Even numbers of \circ causes weird spacing

I noticed when trying to make a string of 6 \circ symbols that the last one is closer to the one beside it than the rest of them, after playing with it for a while it looks like an even number (greater than 2) of \circ causes this, how can I fix the spacing so it is even?

Example:

\documentclass{article}
\begin{document}
1 circ: $\circ$

2 circ: $\circ \circ$

3 circ: $\circ \circ \circ$

4 circ: $\circ \circ \circ \circ$

5 circ: $\circ \circ \circ \circ \circ$

6 circ: $\circ \circ \circ \circ \circ \circ$

7 circ: $\circ \circ \circ \circ \circ \circ \circ$

\end{document}


• One way is to make \circ not a binary/relational operator. Use {\circ} – Sigur Jan 16 '19 at 21:44
• ... red circ, blue circ. :-) – Mees de Vries Jan 16 '19 at 23:57

From the TeXbook (page 187, solution on page 326)

Exercise 19.7
B. L. User tried typing ‘\eqno(*)’ and ‘\eqno(**)’, and he was pleased to discover that this produced the equation numbers ‘(∗)’ and ‘(∗∗)’. [He had been a bit worried that they would come out ‘(*)’ and ‘(**)’ instead.] But then a few months later he tried ‘\eqno(***)’ and got a surprise. What was it?
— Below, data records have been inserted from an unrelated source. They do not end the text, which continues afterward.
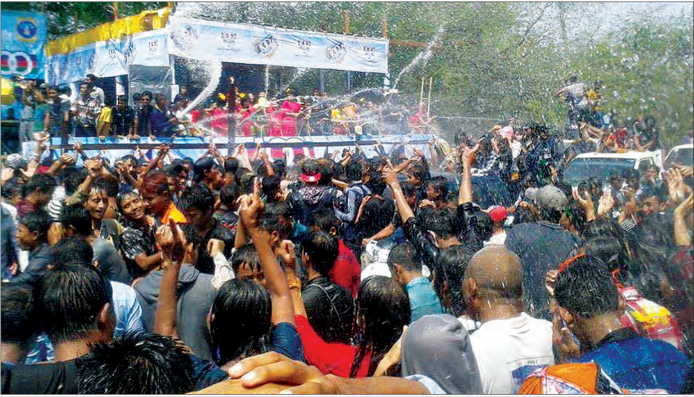
ယမန်နှစ် မကွေးသင်္ကြန်ပုံရိပ်ကို တွေ့ရစဉ်

သို့သော် ယခုခေတ်များသင်္ကြန်ကား ယခင်ယခင်ခေတ် များကဲ့သို့ မဟုတ်တော့ပေ။ သင်္ကြန်၏အနှစ်သာရပျောက်ဆုံး ခဲ့ပြီ။ မိရိုးဖလာလေ့ထုံးစံတို့ မတွေ့မြင်ရတော့။ မြို့ကြီး များတွင် မိန်းကလေး၊ ယောက်ျားကလေး သရုပ်ပျက်အဝတ် အစားများဝတ်ဆင်၍ အပျော်ကြူးကြသည်။ အမိုးဖွင့်ကားများ
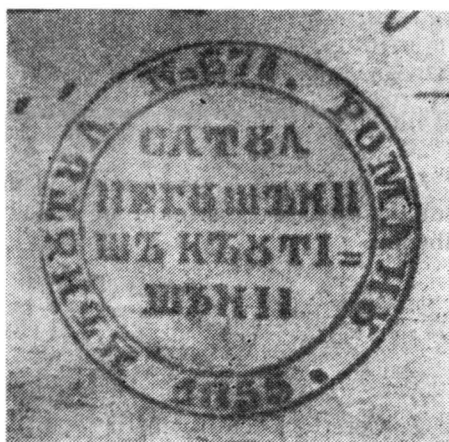
Fig. 19. Sigiliul doc. din 1854 ian. 28, rez. nr. 1454,

Orig., difolio (35×24 cm.), filigran, pătat, rupt la margini și îndoituri, sigiliu în tuș negru al satului Negușeni și Căuțișeni, țin. Roman, din anul 1855.
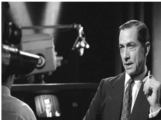
■ Buenas noches y buena suerte. 2005

Por una parte, un ejército de técnicos tratan de salvar a un hombre atrapado en las entrañas de la Tierra. Para ello Tatum pacta con el sheriff (Ray Teal), que
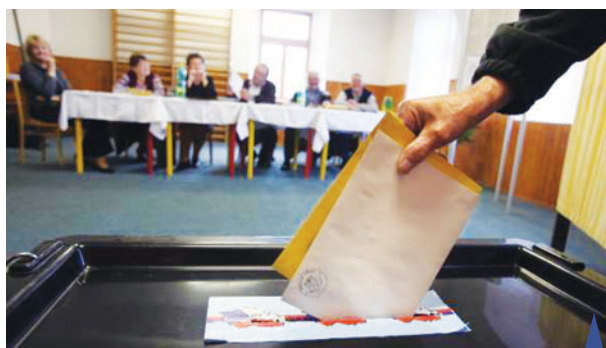
V pátek od 14.00 do 22.00 hodin a v sobotu od 8.00 do 14.00 hodin budou v Prostějově otevřeny volební místnosti ve 44 okrscích.

Úsilí politických stran dostoupilo v těchto dnech vrcholu. Už o tomto víkendu v pátek a sobotu se kandidáti do Parlamentu ČR dozvědí, jak zaujali voliče svými programy a sliby. A pozor, po letošních volbách má Prostějov jedinečnou šanci mít ve Sněmovně hned čtyři poslance!

When you type an asterisk in math mode, plain TeX considers * to be a binary operation. In the cases ‘(*)’ and ‘(**)’, the binary operations are converted to type Ord, because they don't appear in a binary context; but the middle asterisk in ‘(***)’ remains of type Bin. So the result was ‘(∗ ∗ ∗)’. To avoid the extra medium spaces, you can type ‘\eqno(*{*}*)’; or you can change \mathcode*, if you never use * as a binary operation.

It doesn't matter if we're in an equation number (\eqno); the main issue is math mode where the behavior shows. Since \circ is a binary operation symbol just like *, you get the same.
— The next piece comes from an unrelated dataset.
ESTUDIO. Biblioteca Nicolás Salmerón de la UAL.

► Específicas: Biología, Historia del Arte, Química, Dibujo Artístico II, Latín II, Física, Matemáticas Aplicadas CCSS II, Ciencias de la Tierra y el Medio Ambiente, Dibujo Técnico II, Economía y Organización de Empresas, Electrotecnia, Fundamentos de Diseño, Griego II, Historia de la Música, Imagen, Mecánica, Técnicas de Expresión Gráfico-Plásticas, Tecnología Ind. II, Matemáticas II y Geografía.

If you want evenly spaced \circ symbols you can use

{\circ}\;{\circ}\;{\circ}\;{\circ}


Even better, define a suitable command:

\documentclass{article}
\usepackage{xparse}

\ExplSyntaxOn
\NewDocumentCommand{\circs}{m}
{
\ensuremath
{{
{\circ}\prg_replicate:nn { #1 - 1 } { \; {\circ} }
}}
}
\ExplSyntaxOff

\begin{document}

$\circs{1}$

$\circs{2}$

$\circs{3}$

$\circs{4}$

$\circs{5}$

$\circs{6}$

$\circs{7}$

\end{document}


• Great explanation (and excercise too)! – manooooh Jan 16 '19 at 22:09
• @manooooh That's due to Knuth. ;-) – egreg Jan 16 '19 at 22:09

When you issue \show\circ you'll see it defined as \mathchar"220E. The first number in this definition points to the intrinsic "format" of the character. 2 denotes a binary operator which has a specific spacing around. So, \circ is considered a binary operator and therefore expects operands on either side. Odd-numbered \circs show better alignment as they supply "operands" on either side (barring accommodation for uniform spacing around consecutive \circs):

\documentclass{article}

\begin{document}

1 circ: $\circ$

2 circ: $\circ \circ$

2 circ: $\circ \circ {}$

3 circ: $\circ \circ \circ$

4 circ: $\circ \circ \circ \circ$

4 circ: $\circ \circ \circ \circ {}$

5 circ: $\circ \circ \circ \circ \circ$

6 circ: $\circ \circ \circ \circ \circ \circ$

6 circ: $\circ \circ \circ \circ \circ \circ {}$

7 circ: $\circ \circ \circ \circ \circ \circ \circ$

\end{document}


If you just want to list a number of \circs with the correct spacing, consider adding a empty math group at the end when using an even number of \circs. Alternatively, use {\circ} or \mathord{\circ} to avoid the surrounding space; \mathord` turns its argument into a math ordinal.